*** Opening of Data provided ***
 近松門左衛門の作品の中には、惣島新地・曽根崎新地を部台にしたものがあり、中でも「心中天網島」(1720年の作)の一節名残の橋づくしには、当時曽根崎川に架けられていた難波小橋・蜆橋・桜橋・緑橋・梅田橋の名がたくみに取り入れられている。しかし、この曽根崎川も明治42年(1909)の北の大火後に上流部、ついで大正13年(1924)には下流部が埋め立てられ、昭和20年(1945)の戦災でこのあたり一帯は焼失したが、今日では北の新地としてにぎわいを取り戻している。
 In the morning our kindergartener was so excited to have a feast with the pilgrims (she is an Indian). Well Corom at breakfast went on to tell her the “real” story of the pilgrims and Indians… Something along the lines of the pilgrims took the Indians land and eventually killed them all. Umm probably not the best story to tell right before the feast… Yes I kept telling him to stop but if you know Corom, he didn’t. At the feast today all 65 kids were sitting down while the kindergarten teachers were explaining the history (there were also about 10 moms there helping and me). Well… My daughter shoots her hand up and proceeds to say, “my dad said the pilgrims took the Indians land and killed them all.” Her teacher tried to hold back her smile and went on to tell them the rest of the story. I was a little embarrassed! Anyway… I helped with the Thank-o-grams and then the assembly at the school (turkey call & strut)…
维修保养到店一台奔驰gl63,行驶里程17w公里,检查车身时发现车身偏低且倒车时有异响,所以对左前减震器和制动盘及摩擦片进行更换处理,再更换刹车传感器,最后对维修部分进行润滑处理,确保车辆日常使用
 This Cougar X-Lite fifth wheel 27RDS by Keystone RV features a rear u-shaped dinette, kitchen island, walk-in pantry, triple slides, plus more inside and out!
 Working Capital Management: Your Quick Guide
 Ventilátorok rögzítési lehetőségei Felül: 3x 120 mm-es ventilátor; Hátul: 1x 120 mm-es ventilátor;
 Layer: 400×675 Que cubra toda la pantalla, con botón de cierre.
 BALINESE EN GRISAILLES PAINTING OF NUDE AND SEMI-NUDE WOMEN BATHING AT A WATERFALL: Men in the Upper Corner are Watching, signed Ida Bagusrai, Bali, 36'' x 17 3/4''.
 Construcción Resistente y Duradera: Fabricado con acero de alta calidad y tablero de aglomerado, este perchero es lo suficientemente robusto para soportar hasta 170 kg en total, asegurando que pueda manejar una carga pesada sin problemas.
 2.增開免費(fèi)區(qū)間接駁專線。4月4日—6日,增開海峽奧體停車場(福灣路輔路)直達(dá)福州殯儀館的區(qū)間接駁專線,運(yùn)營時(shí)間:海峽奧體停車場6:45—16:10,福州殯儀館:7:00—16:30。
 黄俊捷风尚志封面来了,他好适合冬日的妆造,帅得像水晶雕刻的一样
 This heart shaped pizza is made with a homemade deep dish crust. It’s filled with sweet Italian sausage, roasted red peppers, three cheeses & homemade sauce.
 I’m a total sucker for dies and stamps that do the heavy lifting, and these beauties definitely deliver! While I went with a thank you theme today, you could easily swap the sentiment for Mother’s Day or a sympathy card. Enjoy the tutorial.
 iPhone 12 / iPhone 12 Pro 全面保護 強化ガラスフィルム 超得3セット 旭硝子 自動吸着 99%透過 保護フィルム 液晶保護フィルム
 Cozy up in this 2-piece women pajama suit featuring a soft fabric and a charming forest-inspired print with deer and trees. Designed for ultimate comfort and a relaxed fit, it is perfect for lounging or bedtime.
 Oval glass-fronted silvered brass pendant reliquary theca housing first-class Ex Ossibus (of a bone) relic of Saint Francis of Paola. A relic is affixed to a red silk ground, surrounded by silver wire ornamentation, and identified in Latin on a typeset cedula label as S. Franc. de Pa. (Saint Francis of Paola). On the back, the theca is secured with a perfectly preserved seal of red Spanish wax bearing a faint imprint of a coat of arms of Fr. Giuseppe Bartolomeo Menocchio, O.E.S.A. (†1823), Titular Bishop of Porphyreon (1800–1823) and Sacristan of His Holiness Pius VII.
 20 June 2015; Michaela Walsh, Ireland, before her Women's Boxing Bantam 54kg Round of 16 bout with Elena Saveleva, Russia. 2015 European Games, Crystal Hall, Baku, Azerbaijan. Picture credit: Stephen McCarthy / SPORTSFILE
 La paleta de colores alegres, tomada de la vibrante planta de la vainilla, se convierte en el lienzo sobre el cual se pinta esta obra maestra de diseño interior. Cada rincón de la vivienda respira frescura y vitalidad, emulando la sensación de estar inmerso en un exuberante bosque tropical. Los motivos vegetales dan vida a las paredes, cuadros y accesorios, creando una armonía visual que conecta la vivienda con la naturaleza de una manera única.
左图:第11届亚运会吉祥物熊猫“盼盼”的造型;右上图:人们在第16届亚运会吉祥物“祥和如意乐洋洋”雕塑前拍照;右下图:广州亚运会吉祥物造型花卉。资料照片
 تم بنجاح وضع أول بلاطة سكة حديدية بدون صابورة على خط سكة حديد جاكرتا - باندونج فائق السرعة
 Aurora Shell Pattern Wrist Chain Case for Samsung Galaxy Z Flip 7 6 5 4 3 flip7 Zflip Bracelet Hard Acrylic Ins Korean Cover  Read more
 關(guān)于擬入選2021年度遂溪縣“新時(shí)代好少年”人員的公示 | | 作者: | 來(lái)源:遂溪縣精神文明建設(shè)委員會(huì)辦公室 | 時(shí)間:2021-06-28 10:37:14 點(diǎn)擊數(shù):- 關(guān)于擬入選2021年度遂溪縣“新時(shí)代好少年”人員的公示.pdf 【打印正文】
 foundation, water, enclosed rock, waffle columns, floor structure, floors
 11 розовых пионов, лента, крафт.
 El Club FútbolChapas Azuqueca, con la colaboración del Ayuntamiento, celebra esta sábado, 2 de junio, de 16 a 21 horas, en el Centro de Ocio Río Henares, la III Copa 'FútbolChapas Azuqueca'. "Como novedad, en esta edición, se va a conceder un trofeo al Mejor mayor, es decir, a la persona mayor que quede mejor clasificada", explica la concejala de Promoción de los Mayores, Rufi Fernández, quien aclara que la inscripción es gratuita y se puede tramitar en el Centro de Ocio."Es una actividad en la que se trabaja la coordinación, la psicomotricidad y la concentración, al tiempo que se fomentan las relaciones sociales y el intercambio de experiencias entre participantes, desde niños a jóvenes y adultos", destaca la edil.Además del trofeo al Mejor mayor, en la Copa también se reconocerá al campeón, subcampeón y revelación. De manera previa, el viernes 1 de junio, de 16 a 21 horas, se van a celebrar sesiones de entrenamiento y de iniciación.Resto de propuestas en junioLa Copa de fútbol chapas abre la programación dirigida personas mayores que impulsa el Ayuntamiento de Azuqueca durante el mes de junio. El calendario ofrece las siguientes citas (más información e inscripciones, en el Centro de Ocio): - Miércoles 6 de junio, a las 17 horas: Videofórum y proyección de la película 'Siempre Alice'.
*** Close of Data provided ***
▶ _Problem statement_
What you return must be the lines above that run from the line with "This heart shaped" to the line with "Cozy up in this", inclusive, each copied exactly.

▶ _Answer section_
 This heart shaped pizza is made with a homemade deep dish crust. It’s filled with sweet Italian sausage, roasted red peppers, three cheeses & homemade sauce.
 I’m a total sucker for dies and stamps that do the heavy lifting, and these beauties definitely deliver! While I went with a thank you theme today, you could easily swap the sentiment for Mother’s Day or a sympathy card. Enjoy the tutorial.
 iPhone 12 / iPhone 12 Pro 全面保護 強化ガラスフィルム 超得3セット 旭硝子 自動吸着 99%透過 保護フィルム 液晶保護フィルム
 Cozy up in this 2-piece women pajama suit featuring a soft fabric and a charming forest-inspired print with deer and trees. Designed for ultimate comfort and a relaxed fit, it is perfect for lounging or bedtime.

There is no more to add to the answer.